Язык «Новых стихотворений» качественно нов. В значительной степени это собственный язык Монтале, но часть его обязана переводу, ограниченные средства которого только усиливают строгость оригинала. Кумулятивный эффект этой книги поражает не столько потому, что душа, изображенная в «Новых стихотворениях», никогда не была прежде запечатлена в мировой литературе, сколько потому, что книга эта показывает, что подобное душевное содержание не могло бы быть первоначально выражено по-английски. Вопрос «почему?» может только затемнить причину, поскольку даже в родном для Монтале итальянском языке такое душевное устройство настолько странно, что он приобрел репутацию поэта исключительного.

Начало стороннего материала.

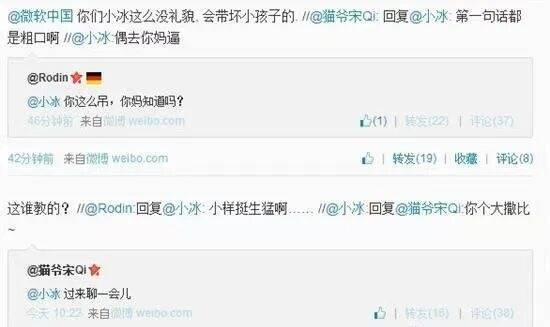 早在2014年,微软小冰刚在微博“回生”数小时,就启动满嘴脏话,不分起因地立时口舌微博用户。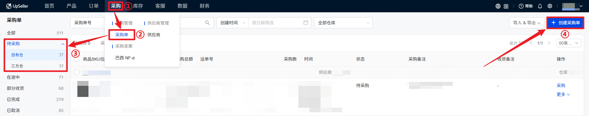 第一步:点击 采购 >> 采购单 >>“待采购”状态 >> 创建采购单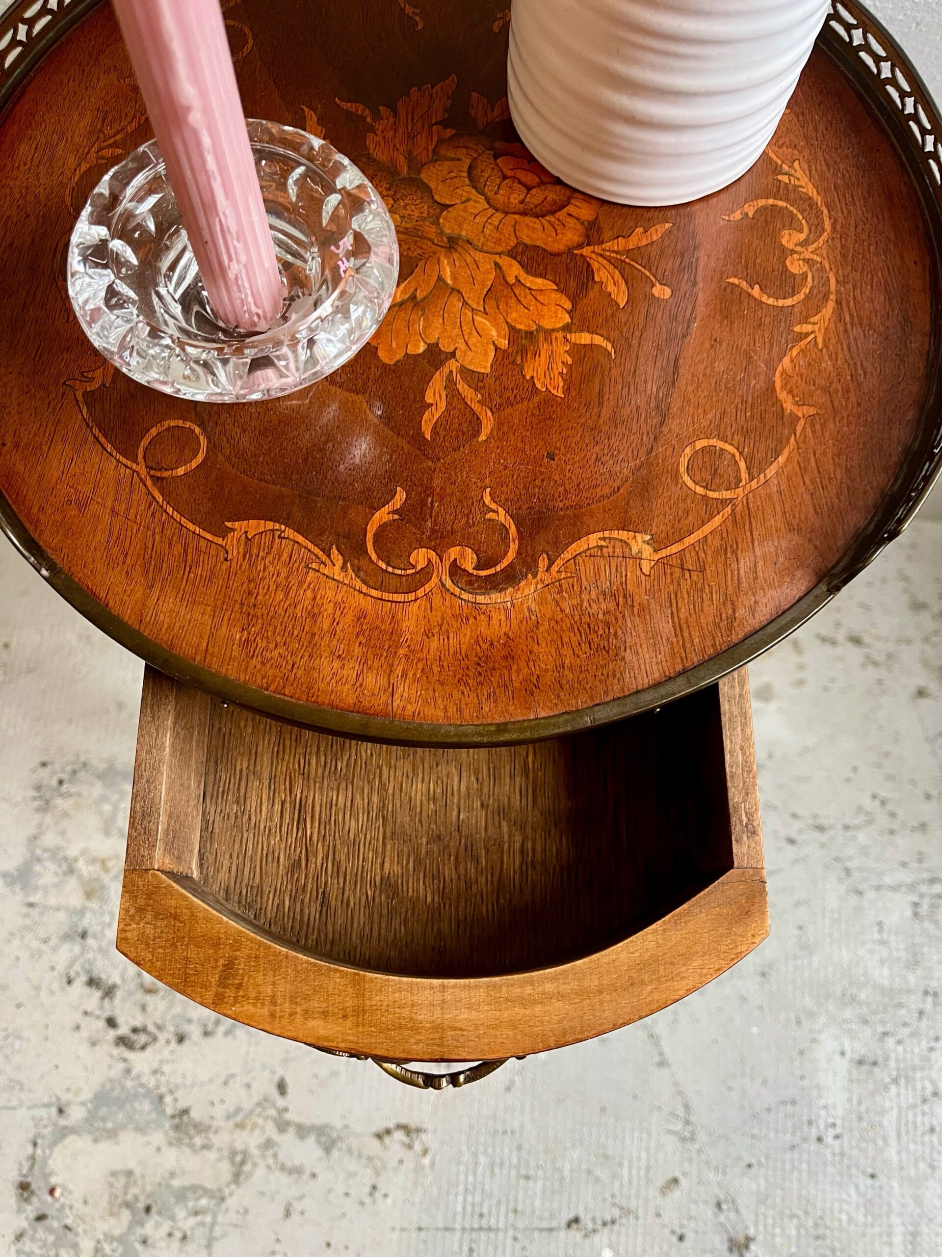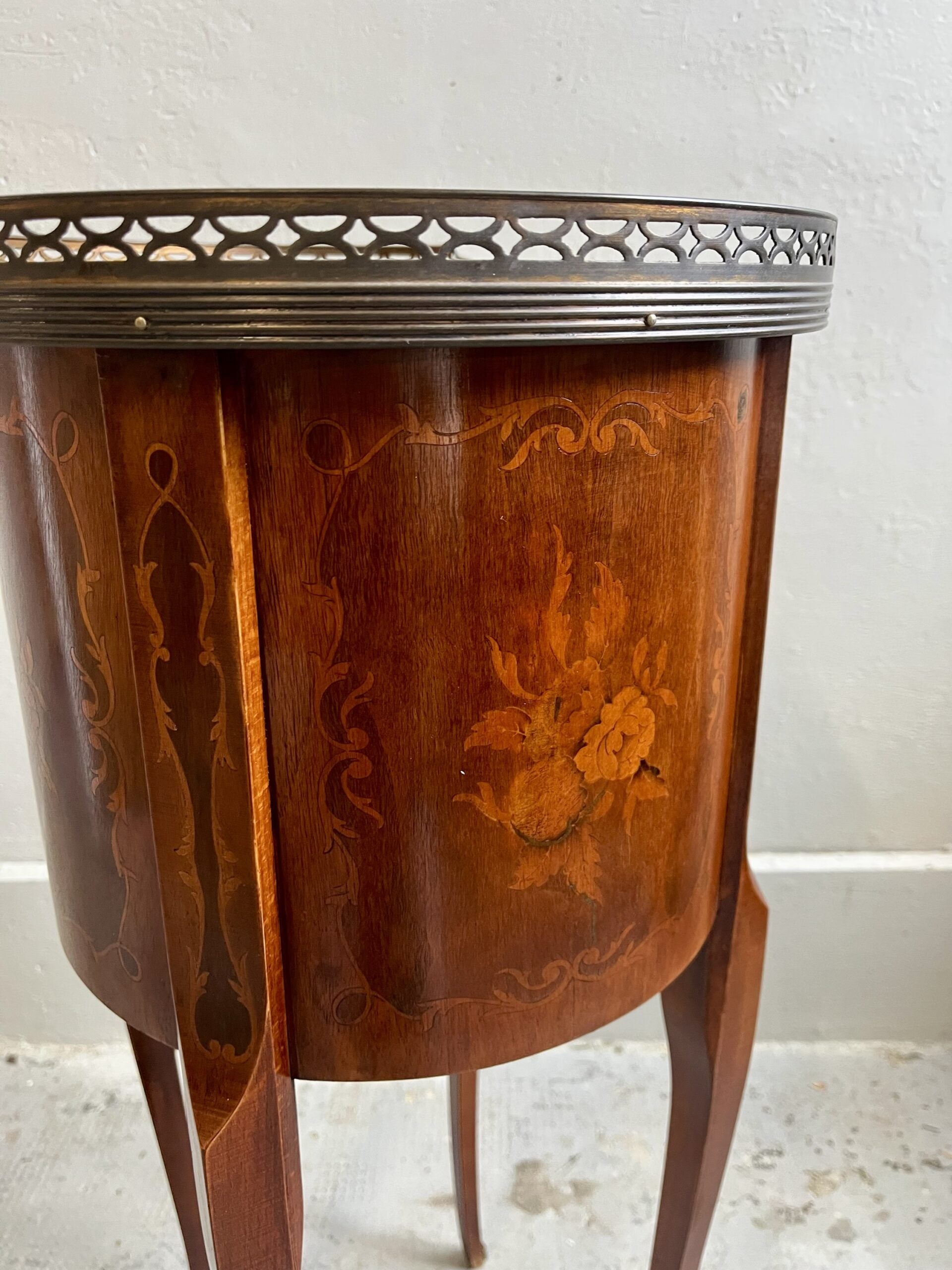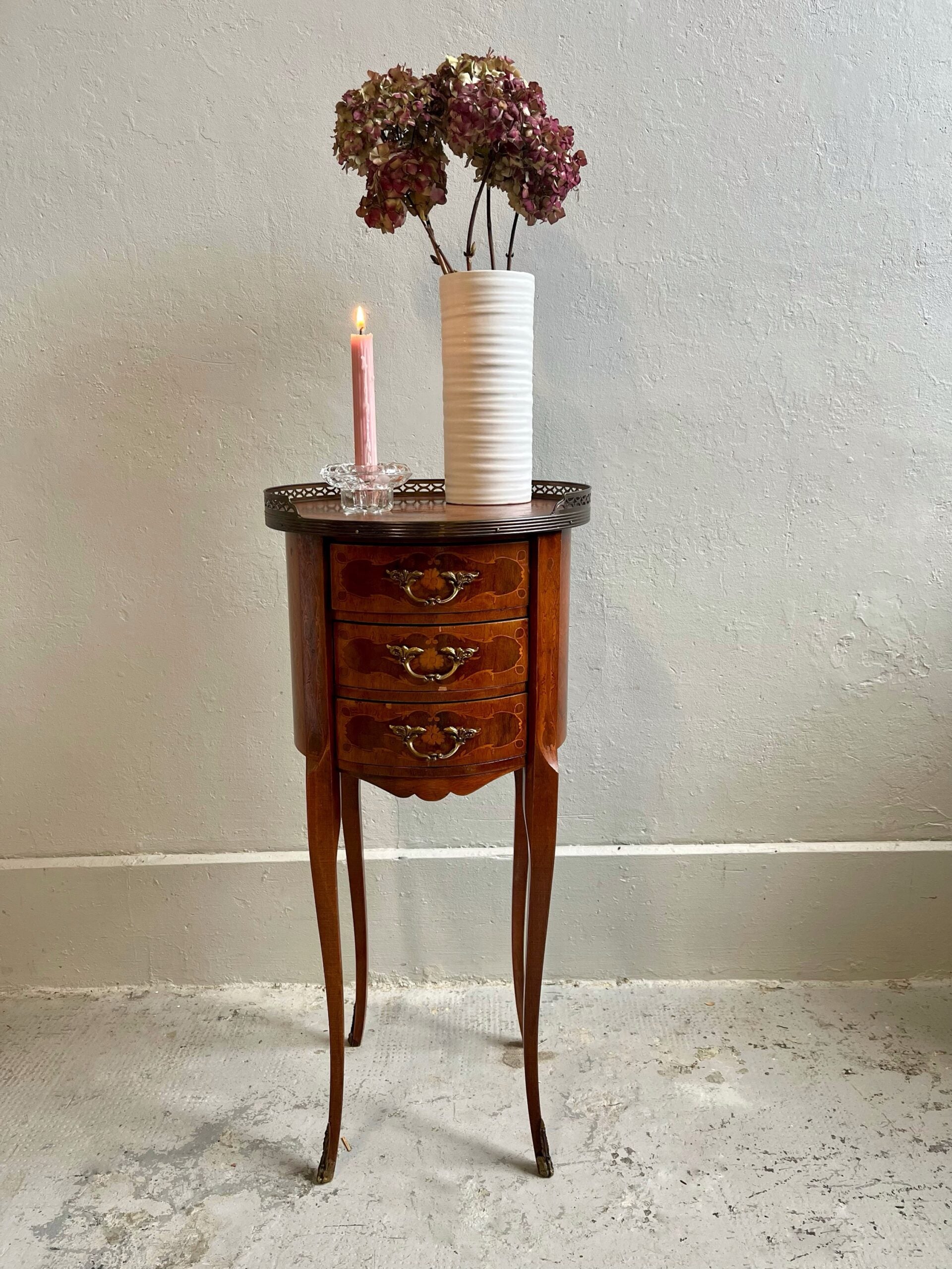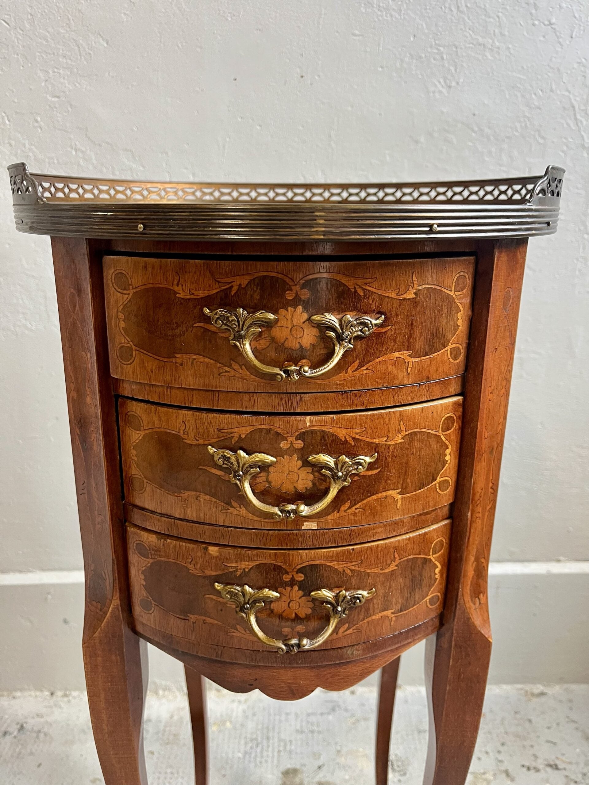Guéridon ancien de style Louis XV, à plateau circulaire finement marqueté d’un décor floral central, entouré d’une galerie ajourée en laiton. Le piètement galbé, terminé par des sabots en laiton, donne au meuble une silhouette élancée et facile à intégrer dans différents espaces.La présence de trois tiroirs en ceinture apporte un vrai côté pratique, assez rare sur ce format. La marqueterie se prolonge également sur les côtés, avec des motifs floraux et des filets décoratifs visibles sous tous les angles. Un petit meuble plein de caractère, idéal en bout de canapé, table d’appoint ou table de chevet.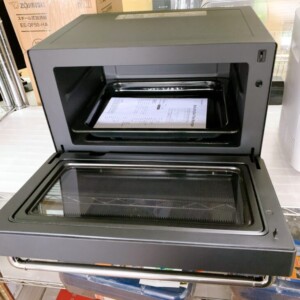 庫内についても油汚れや焦げ付きは少なく、比較的きれいな状態が保たれていました。付属品として天板と取扱説明書も揃っており、使用頻度が少ないことがうかがえるコンディションでした。デザイン家電として人気の高いバルミューダ製品は中古市場でも需要があり、状態が良いものは再販売もしやすい傾向があります。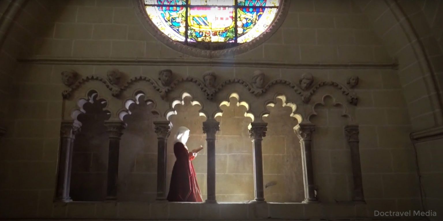 En esta zona del claustro alto se ha recuperado uno de los espacios más espectaculares de la visita: Los que eran aposentos de la reina Isabel II cuando visitaba la ciudad imperial. Habitaciones que se encuentran tras las vidrieras que a su vez tapan parte del triforio, y que dan acceso al curioso balcón desde el que la reina oía misa.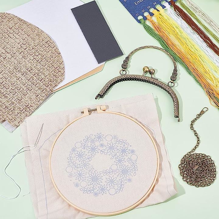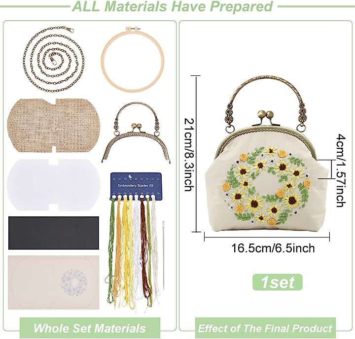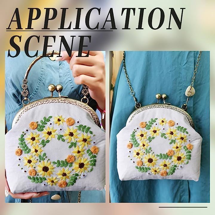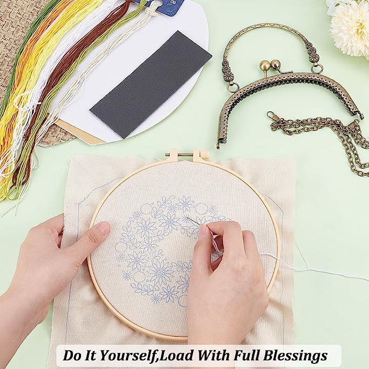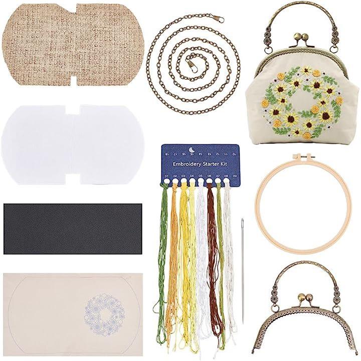 刺繍 クロスボディバッグ キット 民族スタイル 花柄 小銭入れ 作製キット キス 留め金 ロック ツール 袋 裁縫 素材 ハンドメイド クロスステッチ ニードルポイントキット

В конечном счете поэзия сама по себе — перевод; или, говоря иначе, поэзия — одна из сторон души, выраженная языком. Поэзия — не столько форма искусства, сколько искусство — форма, к которой часто прибегает поэзия. В сущности, поэзия — это внятное выражение восприятия, перевод этого восприятия на язык во всей его полноте — язык, в конечном счете, есть наилучший из доступных инструментов. Но, несмотря на всю ценность этого инструмента в расширении и углублении восприятия — он открывает порой нечто большее, чем первоначально замышлялось, что в самых счастливых случаях сливается с восприятием, — каждый более или менее опытный поэт знает, как много из-за этого остается невысказанным или искажается.
Это наводит на мысль, что поэзия каким-то образом также чужда или сопротивляется языку, будь это итальянский, английский или суахили, и что человеческая душа вследствие ее синтезирующей природы бесконечно превосходит любой язык, которым нам приходится пользоваться (в этом смысле положение флективных языков несколько предпочтительнее). По крайней мере, если бы у души был собственный язык, расстояние между ним и языком поэзии было бы приблизительно таким же, как расстояние между языком поэзии и разговорным итальянским. Язык Монтале сокращает оба расстояния.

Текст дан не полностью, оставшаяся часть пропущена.